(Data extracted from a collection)
== == ==

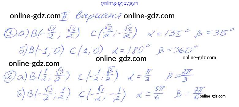 Готовые домашние задания по Алгебре за 9 класс Дидактические материалы Потапов, Шевкин МГУ - школе 2010 - СР №22. Координаты некоторых точек единичной окружности Самостоятельные работы вариант 2
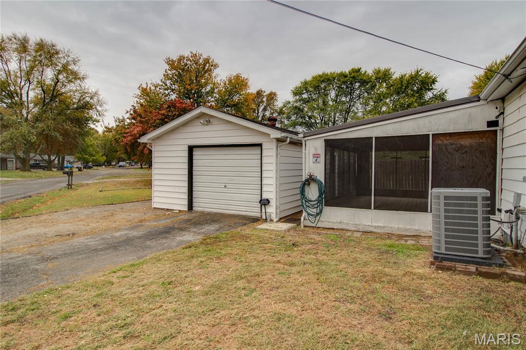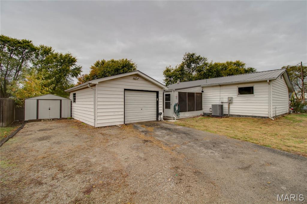 Charming 3-bedroom, 1-bath home on a desirable corner lot. Features an eat-in kitchen with coffee bar and ample cabinet space and all appliances included plus main floor laundry with washer and dryer. Enjoy the large screened-in sun porch for relaxing or entertaining. Detached garage includes a built-in workspace, and there’s also a storage shed for extra convenience. Recent updates include a new metal roof and new air conditioner, providing comfort and peace of mind. This well-kept home offers great functionality and value — move-in ready and waiting for its next owner!
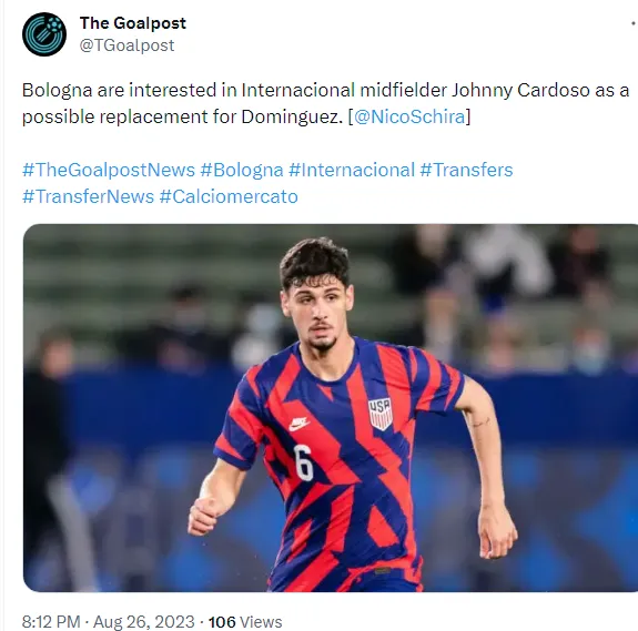 De acordo com a fonte, Johnny, de 21 anos está sendo cortejado pelo Bologna, da Itália, e já atraiu o interesse do clube italiano. O Bologna espera que o jogador possa substituir Dominguez, que está de saída do time.
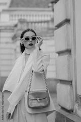 Fashionable elegant confident woman wearing trendy pink sunglasses, suit blazer, white silk scarf, trousers, with green faux leather shoulder bag, posing in street. Outdoor fashion portrait
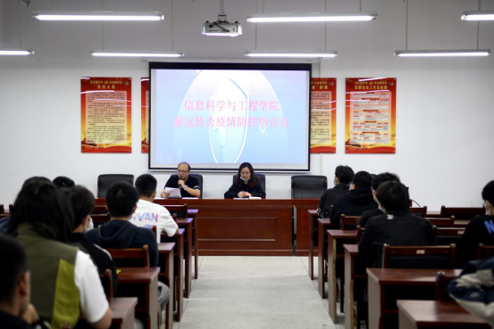 培训会上,徐丹、李亦波通过对《中华人民共和国传染病防治法》、《湖南省人民代表大会常务委员会关于科学精准及时有效做好全省新冠肺炎疫情防控工作的决定(节选)》、《湖南省人民代表大会常务委员会关于科学精准及时有效做好全省新冠肺炎疫情防控工作的决定(节选)》、《教育部办公厅关于员工疫情防控期间学习生活健康指南的通知》、《高等公司新冠肺炎疫情防控技术方案(第五版)》、《公民防疫基本行为准则》等文件的解读,向同学们传达了疫情防控的要求与注意事项,旨在加深同学们法律法规的认识,提高疫情防控意识,加强疫情防控期间的员工管理。
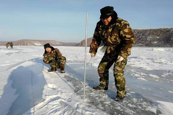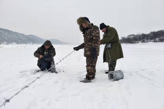 為進(jìn)一步做好防境外疫情輸入工作,最大限度的保護(hù)好人民群眾的生命健康安全,當(dāng)?shù)卣疀Q定在界江沿線架設(shè)防疫隔離墻,阻擋境外物種帶入病毒。紅星林場在接到任務(wù)后,迅速組織人力物力投入戰(zhàn)斗。冰封的江面在冬季暗藏危機(jī),看似一平如鏡的冰下有很多封凍時(shí)形成的漏斗,白雪覆蓋下的區(qū)域更是潛藏著無數(shù)的冰縫,一腳踏進(jìn)去就會(huì)造成嚴(yán)重的扭傷,而在冰面上放線拉網(wǎng)需要每天抬著幾十斤的鐵蒺藜線軸往返十幾里路程,行進(jìn)在冰面路段上一步一滑,加固鐵線時(shí)還要時(shí)刻小心不被鐵蒺藜劃傷,鉆孔、插樁也要時(shí)刻防止產(chǎn)生大面積的冰裂。
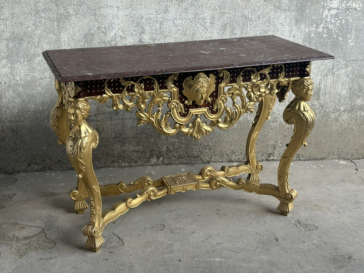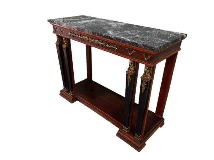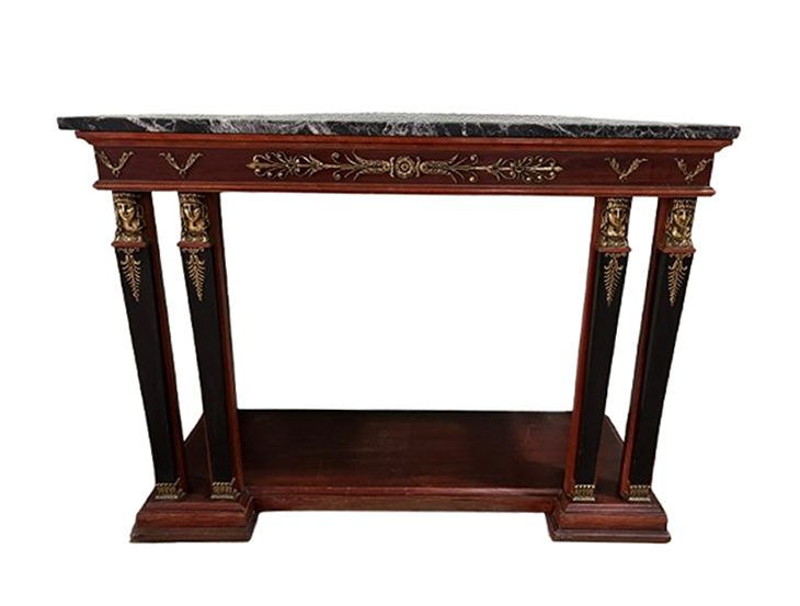 Consola imperio tallada dorada cabezas con tapa mármol (puede ir sin el mármol)

== == ==

Exercise prompt >> Make an exact copy of the records above, one that has none of the pictures.

Written solution >>
 Готовые домашние задания по Алгебре за 9 класс Дидактические материалы Потапов, Шевкин МГУ - школе 2010 - СР №22. Координаты некоторых точек единичной окружности Самостоятельные работы вариант 2
 Charming 3-bedroom, 1-bath home on a desirable corner lot. Features an eat-in kitchen with coffee bar and ample cabinet space and all appliances included plus main floor laundry with washer and dryer. Enjoy the large screened-in sun porch for relaxing or entertaining. Detached garage includes a built-in workspace, and there’s also a storage shed for extra convenience. Recent updates include a new metal roof and new air conditioner, providing comfort and peace of mind. This well-kept home offers great functionality and value — move-in ready and waiting for its next owner!
 De acordo com a fonte, Johnny, de 21 anos está sendo cortejado pelo Bologna, da Itália, e já atraiu o interesse do clube italiano. O Bologna espera que o jogador possa substituir Dominguez, que está de saída do time.
 Fashionable elegant confident woman wearing trendy pink sunglasses, suit blazer, white silk scarf, trousers, with green faux leather shoulder bag, posing in street. Outdoor fashion portrait
 培训会上,徐丹、李亦波通过对《中华人民共和国传染病防治法》、《湖南省人民代表大会常务委员会关于科学精准及时有效做好全省新冠肺炎疫情防控工作的决定(节选)》、《湖南省人民代表大会常务委员会关于科学精准及时有效做好全省新冠肺炎疫情防控工作的决定(节选)》、《教育部办公厅关于员工疫情防控期间学习生活健康指南的通知》、《高等公司新冠肺炎疫情防控技术方案(第五版)》、《公民防疫基本行为准则》等文件的解读,向同学们传达了疫情防控的要求与注意事项,旨在加深同学们法律法规的认识,提高疫情防控意识,加强疫情防控期间的员工管理。
 為進(jìn)一步做好防境外疫情輸入工作,最大限度的保護(hù)好人民群眾的生命健康安全,當(dāng)?shù)卣疀Q定在界江沿線架設(shè)防疫隔離墻,阻擋境外物種帶入病毒。紅星林場在接到任務(wù)后,迅速組織人力物力投入戰(zhàn)斗。冰封的江面在冬季暗藏危機(jī),看似一平如鏡的冰下有很多封凍時(shí)形成的漏斗,白雪覆蓋下的區(qū)域更是潛藏著無數(shù)的冰縫,一腳踏進(jìn)去就會(huì)造成嚴(yán)重的扭傷,而在冰面上放線拉網(wǎng)需要每天抬著幾十斤的鐵蒺藜線軸往返十幾里路程,行進(jìn)在冰面路段上一步一滑,加固鐵線時(shí)還要時(shí)刻小心不被鐵蒺藜劃傷,鉆孔、插樁也要時(shí)刻防止產(chǎn)生大面積的冰裂。
 Consola imperio tallada dorada cabezas con tapa mármol (puede ir sin el mármol)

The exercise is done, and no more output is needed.